The only disappointment is your location.  You would be one I, and any other photographer, would be lucky to collaborate with.  If you ever move to Chicago, you're hired.

You are what wedding photographers aspire to be.  Again, nicely done.

Sincerely,

Nick Tornabene


----------



## rubbertree (Jan 7, 2009)

Peanuts said:


> Thanks for the comments.
> 
> Rubbertree for 4 I used the 24-70 and for 8 I am quite certain it was the 135mm



Thank you for that. The 24-70 is my next lens to buy. I love seeing spectacular work done with it.


----------



## twocolor (Jan 7, 2009)

beautiful work!  I love that although the temple was where the wedding took place, you were able to give them such a large variety of photos that don't look "standard temple-y".  Sometimes those temple wedding pictures can start to look all the same.  Great job!!!


----------



## Craddie (Jan 8, 2009)

Amazing work - gorgeous shots.


----------



## iflynething (Jan 8, 2009)

Those are simply fantastic. I love your work....always have.

What was the ligthing set-up on #10. That looks great!.......

Edit: I should start reading posts. From the looks of the shot, I thought you had a couple flashes set up around the room.....

~Michael~


----------



## Kanikula (Jan 9, 2009)

Brittany, your work as always is so inspirational! :thumbup:


----------



## Arch (Jan 9, 2009)

ah must have missed this one!

Its all been said Brittany, you just get better and better. The only thing i can suggest at this point is that you just keep pluggin it and become as well known in your area (and elswhere) as you can... you should be at the top end of the wedding photographer spectrum and you should be reaping all the rewards.
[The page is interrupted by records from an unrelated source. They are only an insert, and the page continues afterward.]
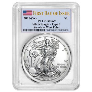 The American Silver Eagle is considered one of the most popular coins worldwide. The creation of these iconic 1 Troy oz of .999 fine silver coins was authorized through the Liberty Coin Act of 1985, and production began in 1986. Known to many as the official bullion coin of the United States, a redesign was introduced by the U.S. Mint in 2021. The original obverse design, based on Adolph A. Weinman’s 1916 “Walking Liberty” half dollar, has been updated with the help of modern technology. Now a closer reflection of Weinman’s original design, the obverse includes the addition of the traditional artist’s mark on the coin itself. As with the obverse, the reverse of the Silver Eagle also received an update in design. Before the summer of 2021, the design was that of the heraldic eagle of the United States, which was created by the former Chief Engraver of the United States Mint, John Mercanti. This design features an American bald eagle behind a heraldic shield with arrows and an olive branch in its talons. The new reverse design, also known as “Eagle Landing,” shows an eagle approaching a landing, carrying an oak branch to add to a nest. One of the U.S. Mint’s Artistic Infusion Program designers, Emily Damstra, created this new reverse design.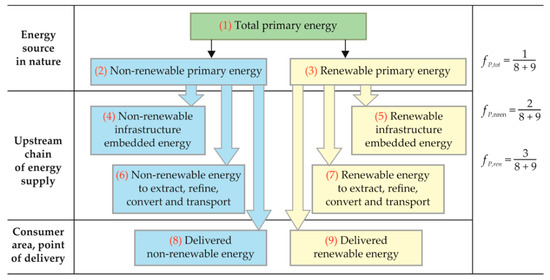 The total primary energy factor may be calculated using the Equation (1) according to the regulations of EN 15603: 2014 [].
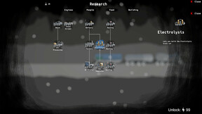 You start with a train car, a few people, meager resources, and must build up to the ultimate train to bring humanity through the frozen apocalypse.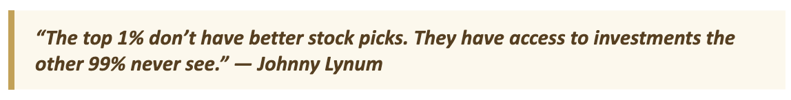 The institutions aren't putting 100% of their capital in public stocks. They're allocating meaningful chunks into private markets: private equity, private credit, real assets, venture. And for the first time in a meaningful way, accredited investors have access to the same table.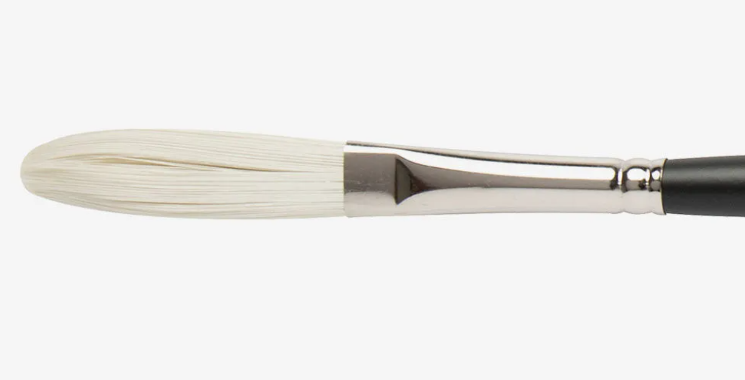Natural hog hair brushes are a popular choice for oil painting because of their durability and paint-holding ability. Each hog bristle has "flags," which are small split ends that increase the brush’s capacity to hold paint, allowing for smoother, more even application. High-quality hog brushes feature dense, stiff hair with many flags, ensuring that they hold their shape well and last longer. When selecting hog bristles, check for natural, unbleached shades. Bleaching weakens the bristle, making it more prone to breakage.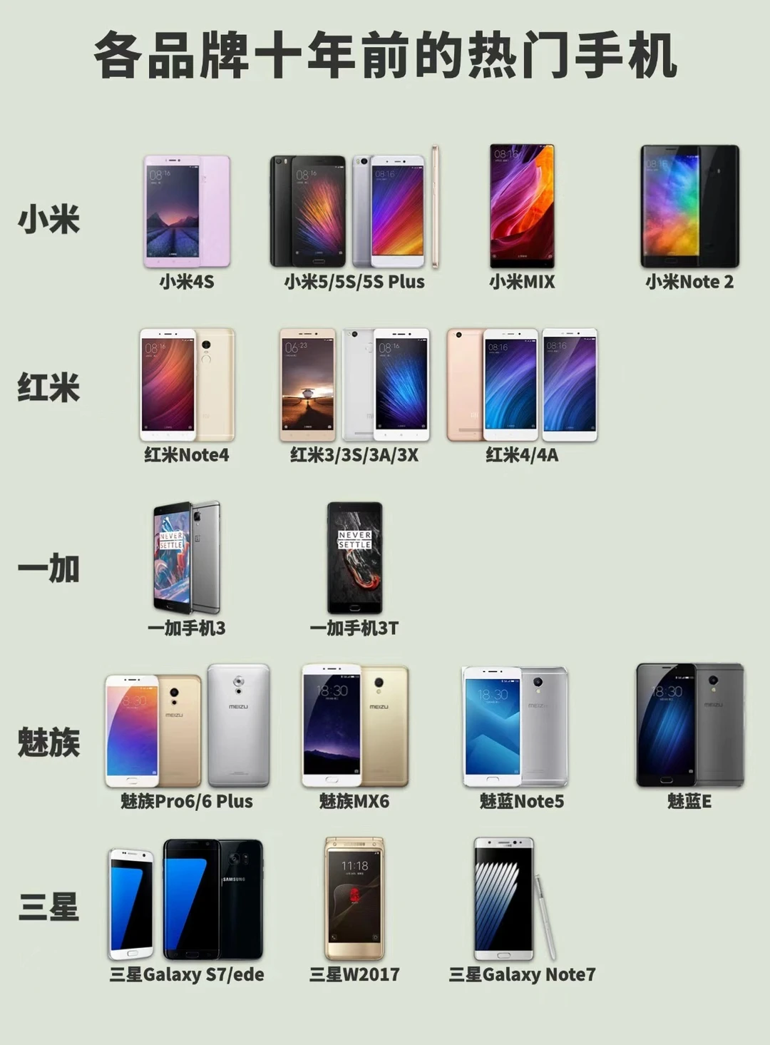 小米:小米4S、小米5S、小米MIX、小米Note2等;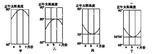 若a、b、c依次表示5、6、7三月,则甲、乙、丙、丁四地按照昼长从长到短的顺序为(?)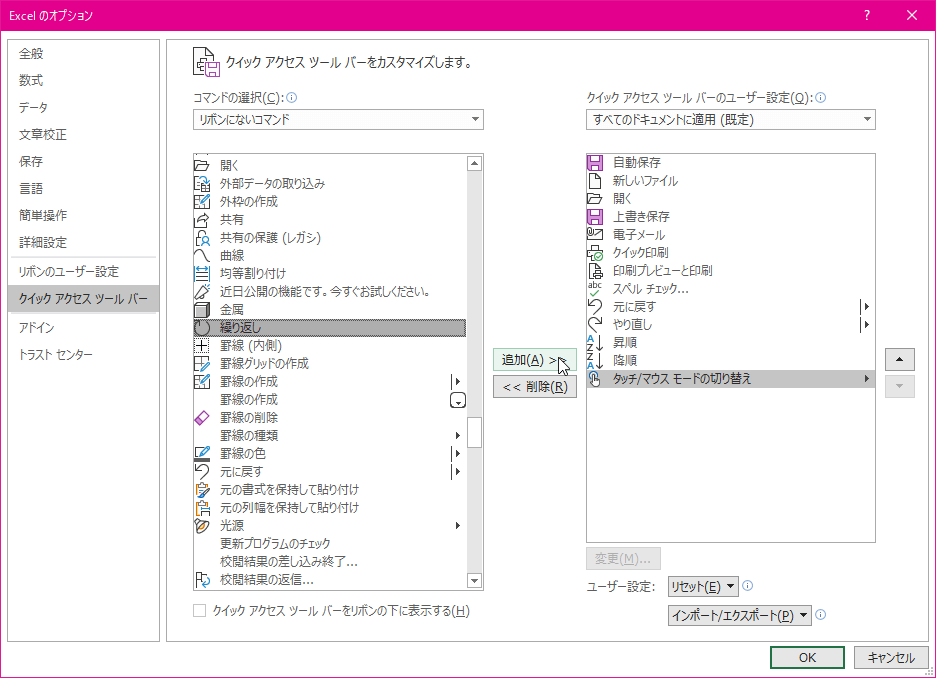 一覧にないコマンドをクイックアクセスツールバーに追加する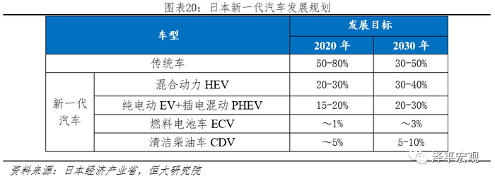 2020年、2030年新能源汽车分别占比15-20%、20-30%。2010年4月日本经济产业省发布《下一代汽车战略2010》,将下一代汽车定义为:非插电式混合动力汽车(HEV)、纯电动汽车(BEV)、插电式混合动力汽车(PHEV)、燃料电池汽车(FCV)、清洁柴油汽车(CDV)等。并首次公告发展目标:到2020年,下一代汽车将在新车销量中力争达到20%~50%;到2030年,下一代汽车将在新车销量中力争达到50%~70%,并沿用至今。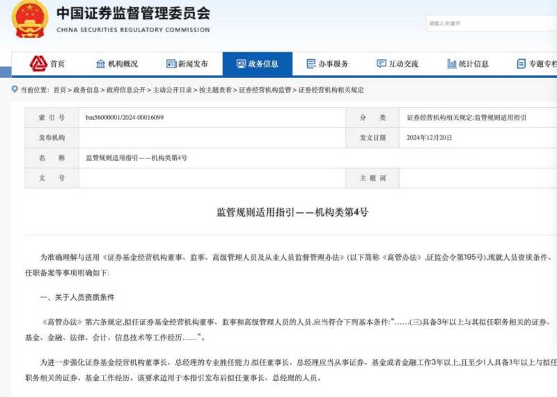 证监会发布新指引,细化证券基金经营机构高管任职要求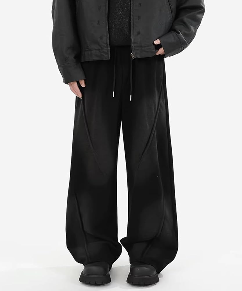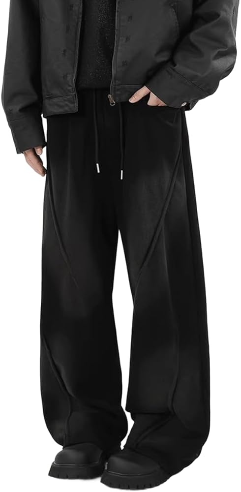 Drawstring elastic Sweatpants for men teen boys ,the adjustable drawstring waistband with elastic provides a customizable fit, while the wide-leg design offers unrestricted movement

Excellent series! :thumbup:


----------



## federerphotography (Jan 13, 2009)

Stunning work.

I have a question, do you find your clients request more 'closeup' stuff? I really really dig on imagery like 1, 2, 14, 15 (effecitvely, landscape photography with people in them) and LOVE creating it. 
But I find my clients don't find shots like 4, 5, 11, 12, 19 'close up' enough to count... (thus I purposely get 'close ups') ... What is your experience with the matter?


----------



## bigtwinky (Jan 13, 2009)

I don't have much to add that has not already been said.  I love looking at your work, it gives great inspiration to new comers like myself.


----------



## Terri Walsh (Jan 23, 2009)

awesome work girl!!!


----------



## Peanuts (Jan 25, 2009)

Helloo.. I have been taking a bit of a forum hiatus with university coming back into full swing. EEps!

Thanks for the comments.. I appreciate every single one 

federerphotography:  I am starting to wonder if your couples want nose shots or something   No, I know what you mean.  I do typically have images taken closer up as well but my 'style' I guess one might say definitely leans more towards that of wider and including more of the landscape, so.. that is what they expect.  I actually at a recent client meeting had one of them say what really drew them to my work was the use of 'negative space' so.. *shrug*.  Now that you mention it, I think I do more 'close-up' work during the engagement shoot and a little bit wider for weddings.  Need to watch that actually... I'll stop rambling now


----------



## Wyjid (Feb 3, 2009)

i very jealous that you got a winter wedding, it's something i've always wanted to do. But where are you? it's -26 and there's no snow on the ground (well different days i guess) it's to bad though. i've always wanted to do snow shots.


----------